The other night I caught the father of the bride working on his speech for my wedding. My best man tells me his is already well under way as well. I on the other hand, the man who fears public speaking with a vengeance and also spends a lot of his time writing, have done nothing. With the wedding pressing ever nearer I’m starting to think I should probably start getting some ideas together, so for the last couple of days I’ve been trying to pen a few thoughts. The trouble is that I’ve always been told that whether it’s a story, an essay or a speech you need a good beginning, middle and end. As it turns out I seem to be better at intros than the whole middle and end bit! Being no closer to finding a middle bit I thought I would share a few intros that I’ve come up with in the hope that it might give some of you grooms out there a little inspiration to get your own speech going, hopefully more successfully than mine! If you see a tumbleweed drifting across your screen just ignore it…
The Arts Crowd
Well, on such an amazing, monumental day like this it’s so difficult to find the words to suit the occasion but here goes. I believe it was the poet Shelley who once said… far more eloquent things than I’m about to say myself. Still, once more unto the breach dear friends…
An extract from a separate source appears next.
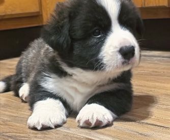 Our puppies include black and white and blue merle and white. Colors will vary depending on the parent dogs.

On behalf of the Mrs and I I would like to thank you all from the bottom of our hearts for making the effort to be here today. We’ll have a proper toast in a bit and we’ve got some pressies to give out but I just quickly would like to thank firstly the staff here at [the venue] for helping to make everything look so amazing, I’d like to thank my parents for both their financial and moral support in dealing with [the bride] when she turned into Bridezilla while planning the wedding. I’d like to thank [insert name] the mother of the Bride for everything she’s done for us and for helping to keep her daughter from completely bankrupting me. Most of all though I’d like to thank the father of the bride for his kind words and for cutting his speech down to a brief couple of hours.
Ladies and gentlemen on behalf of my beautiful new wife and I, from the bottom of our hearts we’d just like to say… thank christ we don’t have to do any more wedding planning. Seriously, it’s been a nightmare, you wouldn’t believe it! Our house has been filled with all this crap for the last six months, she’s been an absolute nightmare, none of my other wives were this ba… (look around at wife… pause…) but seriously I’d just like to thank my wife for all the amazing work she’s put in…
Today is genuinely the happiest day of my life and I hope you’ll agree it’s been fantastic. I feel so privileged to marry the girl of my dreams in front of so many people I love, so many friends that have travelled so far to be here and of course [insert best man] who lives round the corner and I don’t even like. Still, it’s nice for him to get out of the house.
The nervous groom
I must admit, when I proposed to [Bride's name] I forgot that it would inevitably lead to my having to give a speech. Had I realised at the time I would have bought myself a second hand cardigan, a rocking chair and a dozen cats instead. Still, it’s all worth it for the chance to marry the most beautiful bride I’ve ever seen. A beautiful bride who, incidentally, does not have to give a speech. Equality: the cornerstone of any good marriage.
Right, well there we go, I’ve given you an intro now get on with writing the middle and end! And once you’re done if you wouldn’t mind sending it my way it’d help me out no end! Oh god, I HATE PUBLIC SPEAKING!!! Wish me luck!